How do I put this, transition?
If that’s what we going to call what I am currently going through, it is this weird tug of war between my past and present and with every pull my future is determined. For the first time in a long time I am okay with having no power or control over anything … mainly because I am tired.
I am buzzing with excitement to see what fate has in store for me, because it is clear that I have no idea what I am doing on my own and this doesn’t make me weak, well at least I don’t feel weak, I finally feel rejuvenated or something along those lines, but hey, as long as I am hanging around, I am happy.
Happiness, oh how I have longed for you, and with happiness comes peace and all that good stuff.
Above all things, I am grateful. I look back at where I have come from and in comparison to where I was in the beginning of the year, big renovations have happened in my life.
Walls have been broken down, doors closed never be opened again, new rooms have been added, walls have been painted and books have been placed on the newly built bookshelf.
I wouldn’t say this chapter in my life was colourful, but the darkness was worth it.

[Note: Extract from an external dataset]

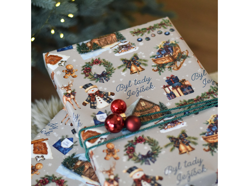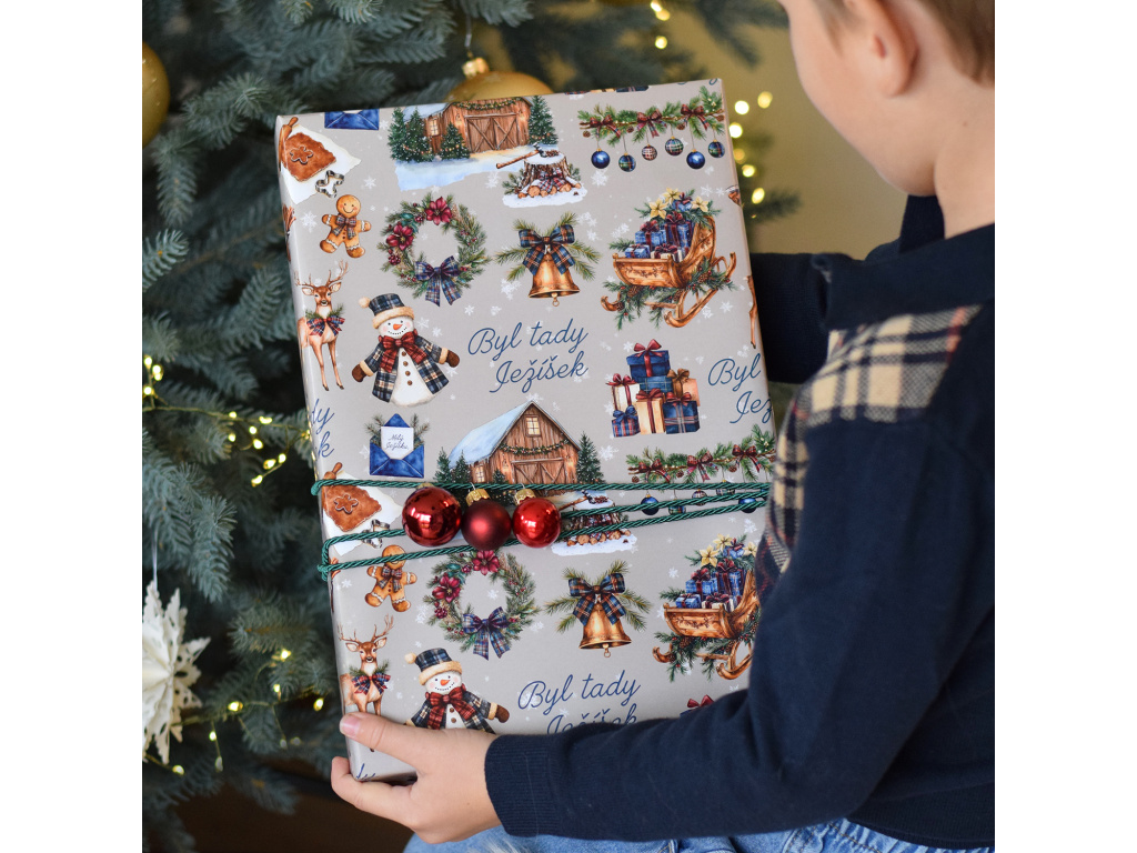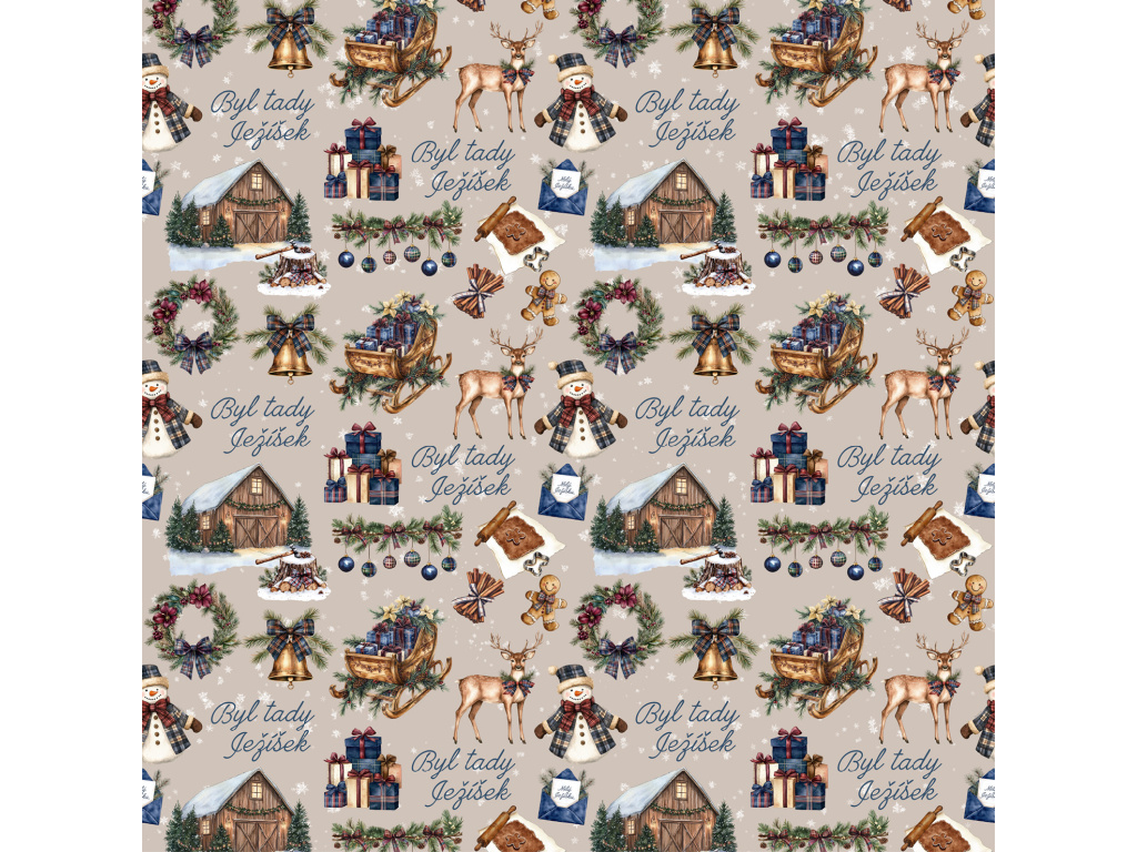 Náš balicí papír s textem „Byl tu Ježíšek“ přináší hřejivé kouzlo zimy. Na ilustracích najdete sněhuláka, dřevěnou chatu, sáně plné dárků, vánoční věnec i dopis pro Ježíška – vše doplněné českým nápisem „Byl tu Ježíšek“.

There’s this new humming aura, this vibe that just gets my blood pumping and I am patiently waiting for it to be more than a hum, and I do not mind waiting because after what feels like a millennium of silence, this humming is a warm welcome to a very warm future and however short lived this happiness might be, at least I am going to live through it.
Expectations may lead to disappointment but the feeling of expectancy and how you hope to feel when something you hope, happens, happens, that feeling is just enough to get you through the dark times, and if that is what I am experiencing right now, then I do not mind – it is definitely an upgrade to the truckload of disappointment I have been handed.
Hope. The greatest trust exercise that has ever existed because you putting your dreams and wishes in the hands of fate, and the sad thing about fate is that it is predetermined, so your dreams and wishes may never be taken into consideration – the more I think about it the more I accept the fact that life is a b****, and for some odd reason I still look back and know it is totally worth it.
Dear transition, I hope you’re good to me.